_TASK ITEM_. Make an exact copy of the lines from the one containing "หุ้นไทยแนวโน้ม" through the end of the material, including both ends but no pictures.

_SOURCE DATA_.

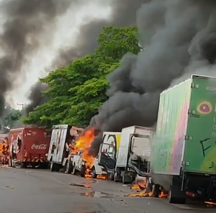 Incendian 25 carros en bloqueo de FDOMEZ y por asesinato de comisariado
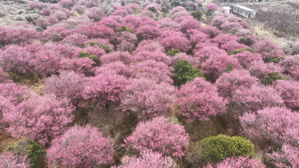 在平江浯口镇西江村,成片的红梅在立春时节渐次盛放。
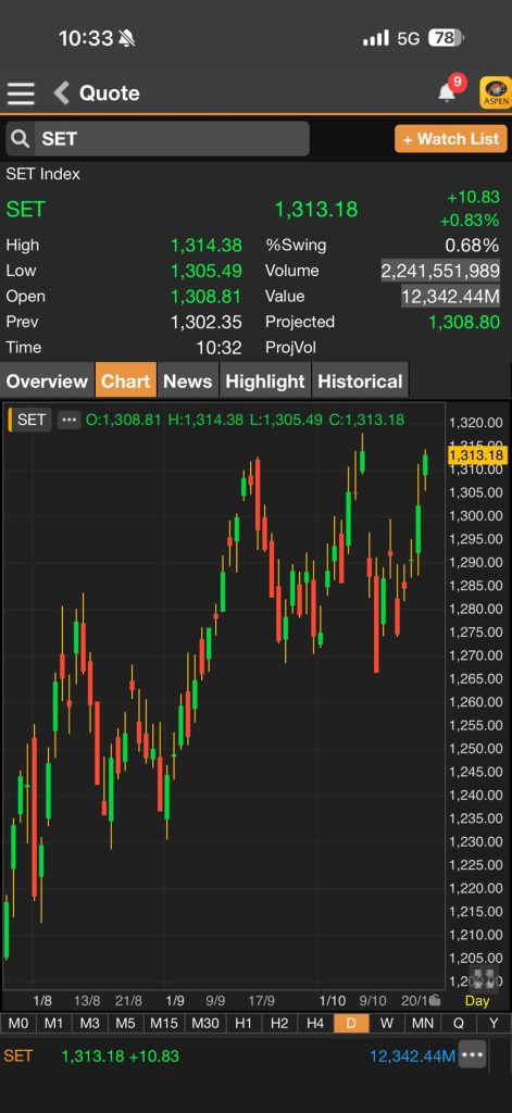 หุ้นไทยแนวโน้มดัชนีเช้าแกว่งขึ้นรับข่าวผู้นำสหรัฐ-จีนพบกันสัปดาห์หน้า น้ำมันพุ่งหนุนกลุ่มพลังงาน
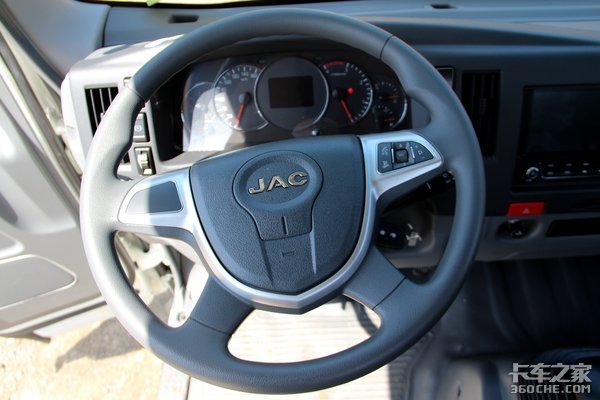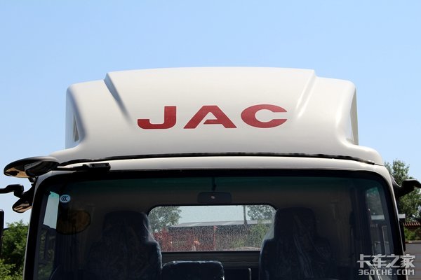 驾驶室顶部配原厂导流罩,可以降低上装部分带来的风阻,提高整车的燃油经济性。导流罩上面的JAC标识,增加了车辆品牌的辨识度。

_RESPONSE AREA_.
 หุ้นไทยแนวโน้มดัชนีเช้าแกว่งขึ้นรับข่าวผู้นำสหรัฐ-จีนพบกันสัปดาห์หน้า น้ำมันพุ่งหนุนกลุ่มพลังงาน
 驾驶室顶部配原厂导流罩,可以降低上装部分带来的风阻,提高整车的燃油经济性。导流罩上面的JAC标识,增加了车辆品牌的辨识度。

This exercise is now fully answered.